A 3 de julho de 1908, em sessão da Câmara dos Deputados, o médico psiquiatra Miguel Bombarda estreou-se como orador parlamentar com uma dura crítica ao regime penitenciário português de então, justificando-a com um “dever de consciência” e um “dever de piedade”.
Retrato de Miguel Bombarda. Arquivo Histórico Parlamentar.
Um penitenciário na cela. "Ilustração Portuguesa", n.º 6, 1906, p. 185. Hemeroteca Municipal de Lisboa.
Entrada da Penitenciária de Lisboa. "Brasil-Portugal", 1 de set. 1912, p. 609. HML.
"O Ocidente", 10 abr. 1906, p. 76; 30 maio 1906, p. 116. HML.
A introdução deste regime fora prevista pela reforma penal e prisional de 1867, mas só conheceu aplicação prática quase duas décadas depois, quando, em 1885, a Penitenciária de Lisboa começou a funcionar. Em grande parte inspirado pelo sistema de Filadélfia (1), também conhecido como sistema da Pensilvânia, caracterizava-se pela sua austeridade e, na opinião de muitos, pela desumanidade com que os presos eram tratados (2). Segundo Bombarda, este sistema já era considerado obsoleto em quase toda a parte na altura em que fora adotado por Portugal, sendo, na sua opinião, o pior dos três então existentes. Nas suas palavras, “o regime celular absoluto, o nosso, é o regime do terror. O condenado vive entre as quatro paredes de uma cela, podendo ver apenas uma nesga de céu, quando não é uma parede nua, fria e dura, pela fresta aberta ao alto da sua prisão, e aí apodrece o espírito na contemplação da sua miséria, na absorção da sua desesperança. O silêncio tem de ser absoluto e a obediência cega.”
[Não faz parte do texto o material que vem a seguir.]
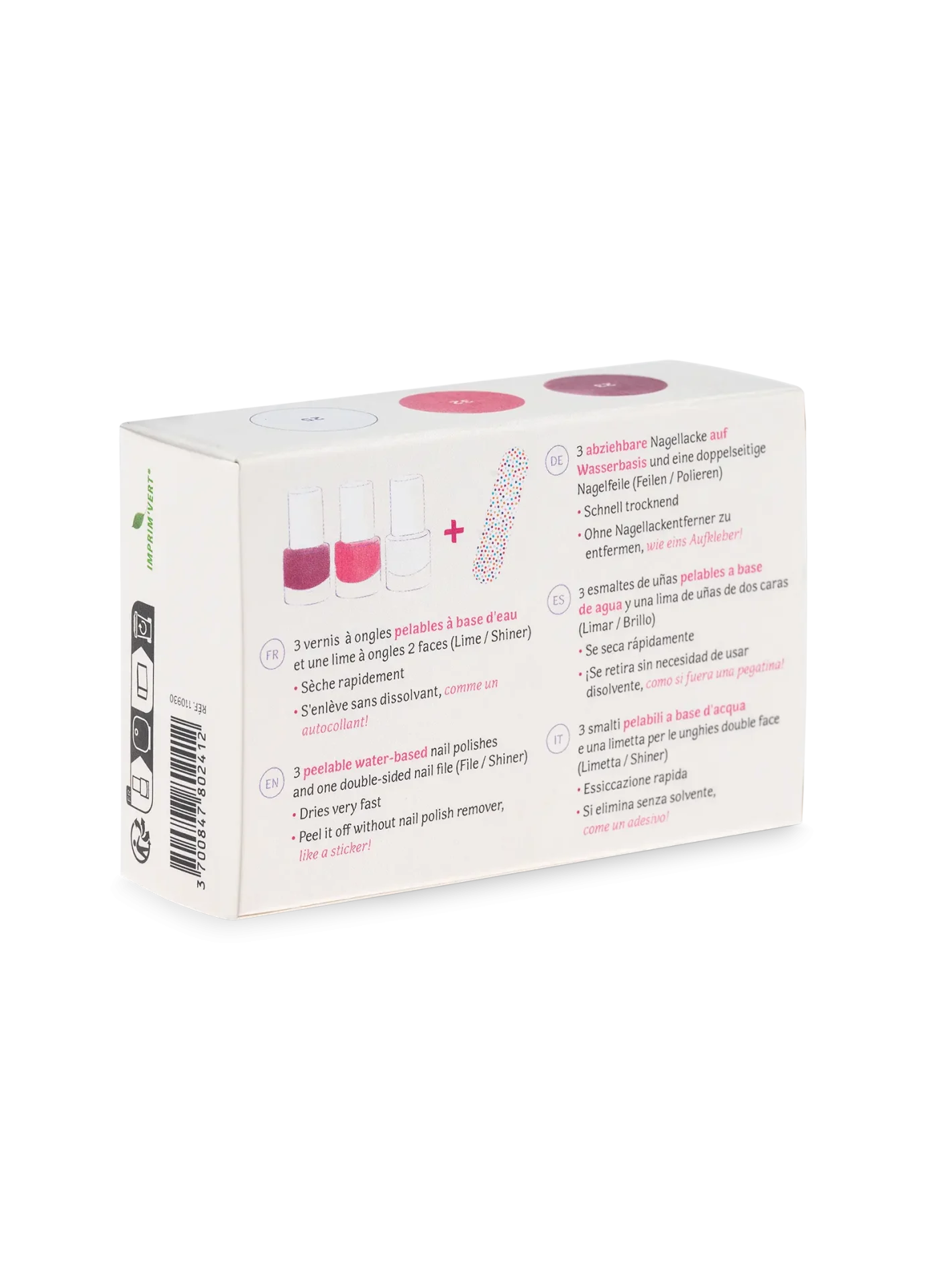 A játék-körömlakk szett vizes bázisú, vegán és teljesen mentes a káros összetevőktől (parabén, formaldehid, ftalát, toluol, kámfor). 🌿 Könnyedén használható: a lakk egyszerűen felvihető, és ha ráun a gyermek — akár eltávolítható is külön lemosó nélkül, mint egy matricás lakk! 🙌

Com efeito, os presos passavam grande parte do tempo fechados nas suas celas e, quando delas saíam - por exemplo, para trabalhar, ou para assistir a aulas ou a cerimónias religiosas no anfiteatro da cadeia - usavam um capuz na cabeça e não podiam comunicar por nenhuma forma. Por essa razão, a Penitenciária de Lisboa era conhecida como a “Casa do Silêncio”. Toda a sua vida quotidiana era também rigorosamente controlada e regulamentada, e os castigos eram severos. Perante este cenário, Bombarda não resistiu a fazer comparações com as práticas da Inquisição: “A disciplina é de ferro. As faltas disciplinares são castigadas com as celas sem luz, a sepultura de um vivo, com o regime de pão e água. E um homem pode viver numa cela destas e num regime destes até dez anos da sua vida! É pior do que a Inquisição. A Inquisição torturava o corpo, a Penitenciária tortura o espírito; a Inquisição, em nome da salvação da alma na outra vida, fazia os horrores dos autos de fé, a Penitenciária, em nome da salvação da alma na vida presente, que outra coisa não é a tentada regeneração, faz outros horrores, que são o martírio de um pobre espírito abandonado aos terrores da solidão, à desesperança absoluta de alguma coisa que o possa salvar; a Inquisição fazia mortos, a Penitenciária faz doidos.”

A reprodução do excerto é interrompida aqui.